Robinson isn’t the lone impetus behind this progress, but he gave us a
strong nudge toward a better America in Brooklyn in 1947.
I thought about Robinson, and the influence one
exceptional person can have, when contemplating the latest Pro Football Hall of
Fame class and the Super Bowl participants.
As something of a Hall of Fame induction speech junkie, I’m fascinated
by this one common component: a coach, teacher, parent, guardian or spouse,
without whose influence said player may not have played a down in the NFL.
Two stories that stick with me have local
connections. During his induction
speech, former Kansas City Chief defensive back and Washington coach Emmitt
Thomas talked about his mother’s death when he was eight and credited his grandfather
with being the reason he made it – in life and football. The other is former ‘Skins offensive lineman
Russ Grimm. While attending the
University of Pittsburgh, Grimm, then a linebacker, was “encouraged” by head
coach Jackie Sherrill to move to offensive line after several players graduated. Grimm didn’t initially like it, but stayed
the course and became the very best player on the most famous offensive line in
NFL history – The Hogs.
As for the Super Bowl participants, there are two
profound “if my career hadn’t intersected with this person” stories. Bill Belichick and Tom Brady are both future first
ballot Hall of Famers. Could one have
been successful without the other? Sure,
but together they are the greatest coach and quarterback ever.

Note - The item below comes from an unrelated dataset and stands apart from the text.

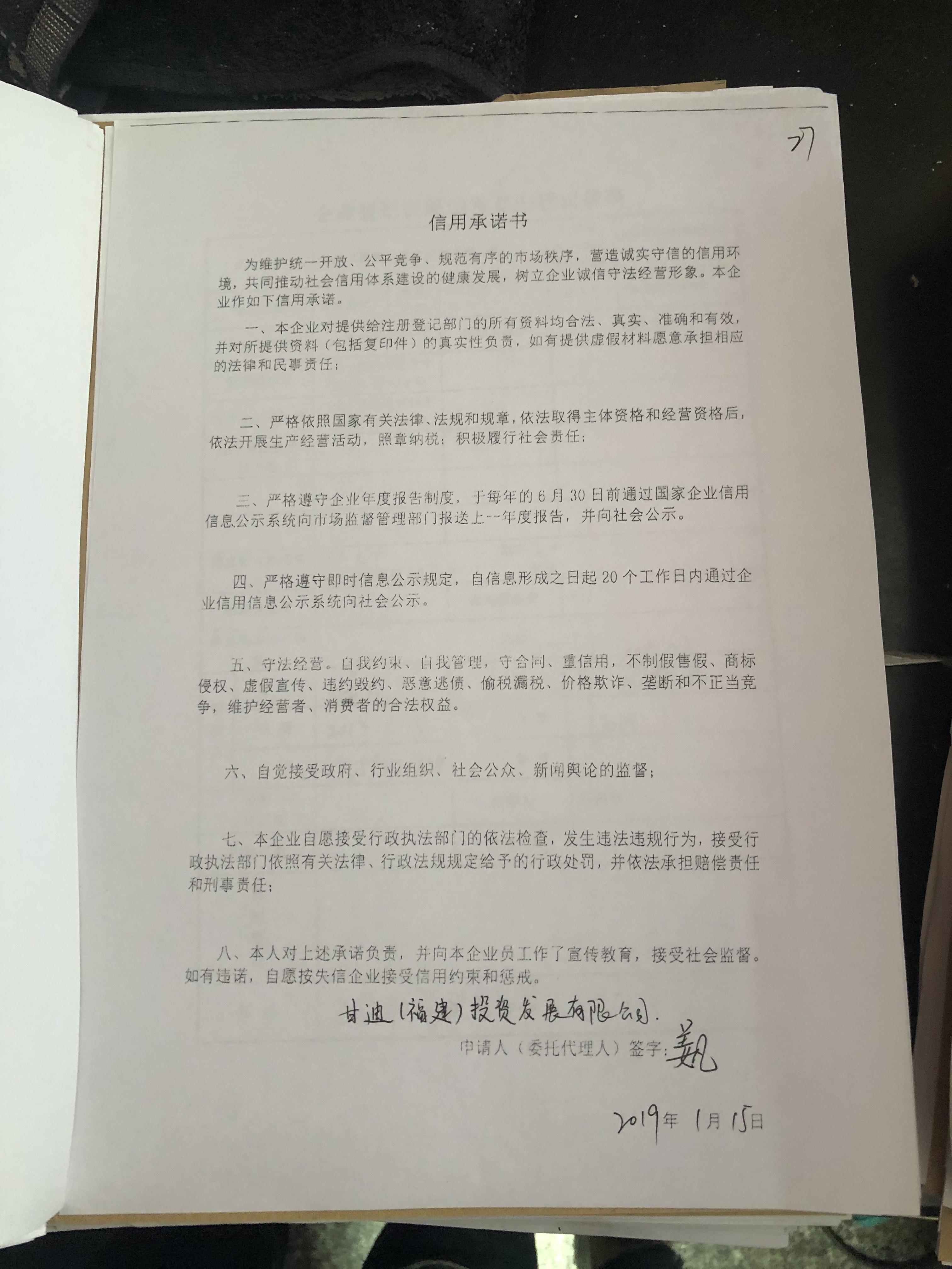 仓山区:甘迪(福建)投资发展有限公司信用承诺书1

The Rams may have something similar brewing. Three years ago, under then head coach Jeff
Fisher, rookie QB Jared Goff was 0-7 as a starter and posted a putrid 63.8
quarterback rating. He was the next
great quarterback bust. In two seasons
under current head coach Sean McVay, Goff’s quarterback rating has been over
100 and he’s been to two consecutive Pro Bowls.
We all have our extraordinary people, the ones we
would lavish with accolades and credit during our own “Hall of Fame induction
speeches”. We also have the opportunity
to be that extraordinary person, the one that enables something grand, for
others (and to receive credit in their “Hall of Fame speeches”). That hardly makes us worthy of a Jackie
Robinson comparison, a man who influenced a nation and millions of people, but maybe
by positively impacting one life and one person and making the world just a
little bit better in the most modest way, we keep his spirit alive.